中村倫也は影のある社長役を好演

●演出の巧さ

 セリフを説明的に感じさせない演出術とテンポが巧い。ひとつひとつ生活のディテイルを丁寧に際立たせていく演出がいい。例えば雨粒のついたガラス越しに少しずつ近づいていくカメラ、徹夜仕事で机につっぷして寝た横顔に赤ペンの跡。演出は狙いすぎず、上手に「あるある感」を醸造している。

 一方、人間関係を際立たせる際はエッジの効いた演出で、例えば一つ傘の下で、樹木を送っていく社長の左肩だけが濡れている。彼女を思いやって傘をさす優しさが、濡れた肩で演出されていたりと随所まで神経が行き届く。

●脚本の巧さ

 コンビニとコンビニスイーツはどんな意味を持つのか。まずそこをきちんと定義しているのが巧い。コンビニは毎日4000万人が利用し「いつでもどこでもそばにあり誰もが同じ味を味わえる」、つまり生活のもっとも近くにある場。その卑近なところから大きな夢を羽ばたかせることもできるのだ、という明確なメッセージ性がある。

 その軸をしっかりと据えた上で、アイドルを賞味期限切れと言われクビになった主人公の過去と消費財・スイーツとを重ねあわせていく。使い捨てにされる存在の哀しさ、既存システムへの異議申し立てと挑戦に青春冒険譚としてのワクワク感が。時に「ものの価値は中心に近いほど高まる」とビジネス論も挿入したり。脚本はコンビニ業界で働く人々に取材し練り上げたというだけあって、コンビニなんてもう知っている、わかっている、というおごった態度がなく新鮮。

 たとえ飛躍的な設定やゴージャスなロケや超大物俳優が揃わなくても。卑近な日常を描くとしても「時を忘れさせるドラマ」は作れるのだ、と教えてくれています。

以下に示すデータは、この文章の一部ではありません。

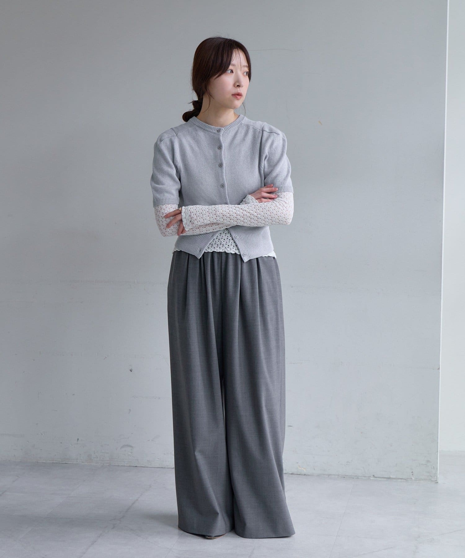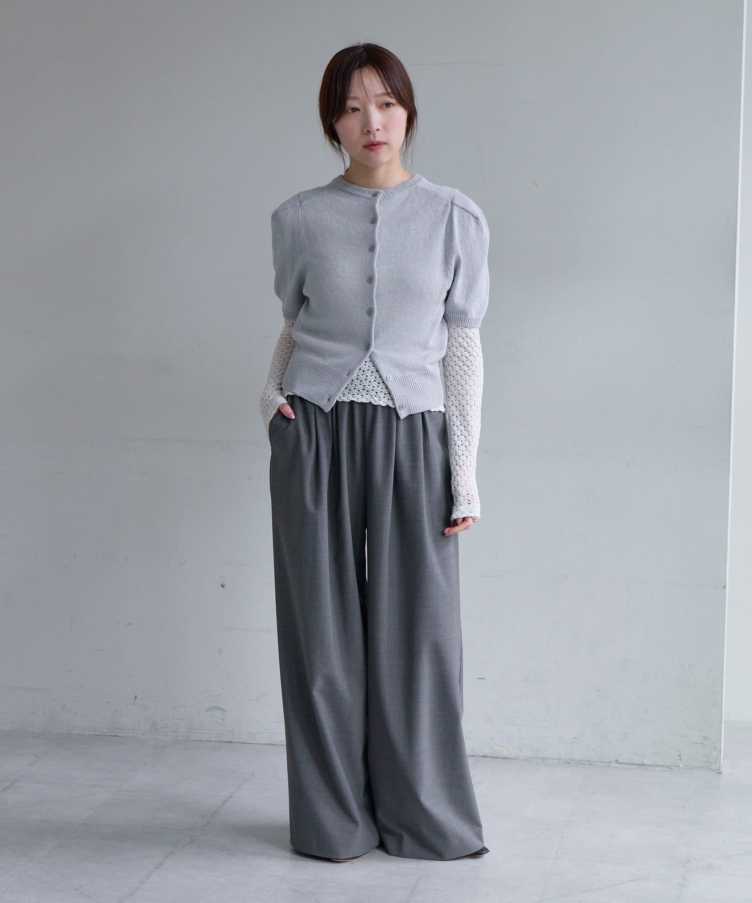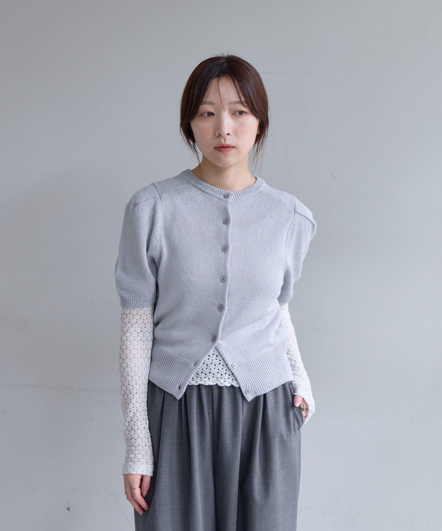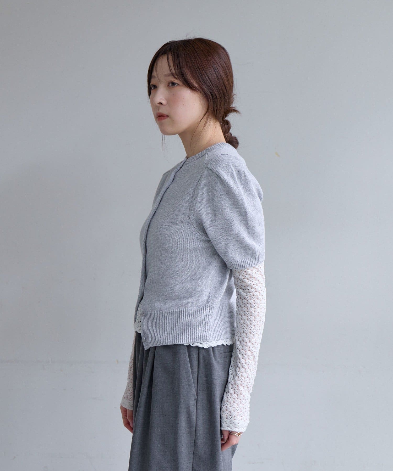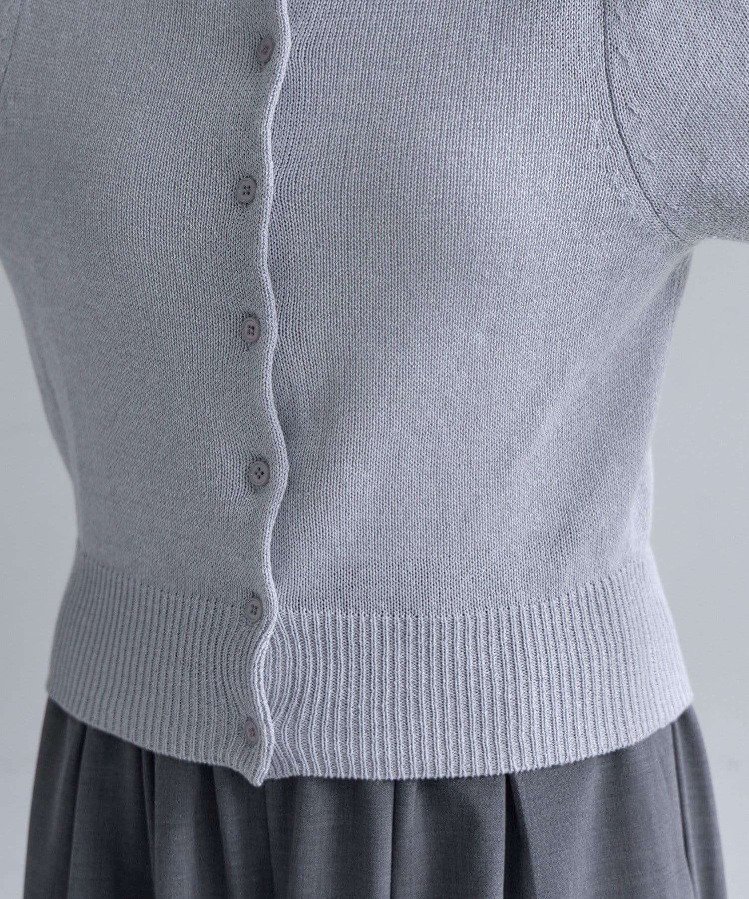 ボタン開きとプルオーバーの前後2WAY仕様。まだ肌寒い時期には、シャツや透け感のあるシアーインナーと重ねて着用するのがおすすめです。

 ドラマ界の大御所たちがオリジナル作品によって敢えて「テーマを絞る」中で、このドラマだけは逆のベクトル。そう、世界の広がりを見せようとしている。出発点は「コンビニスイーツ」、そこから人生論、青春物語、お仕事モノ、恋愛、友情といった幅広い世界を描き出す挑戦をしている点こそ最大の魅力でしょう。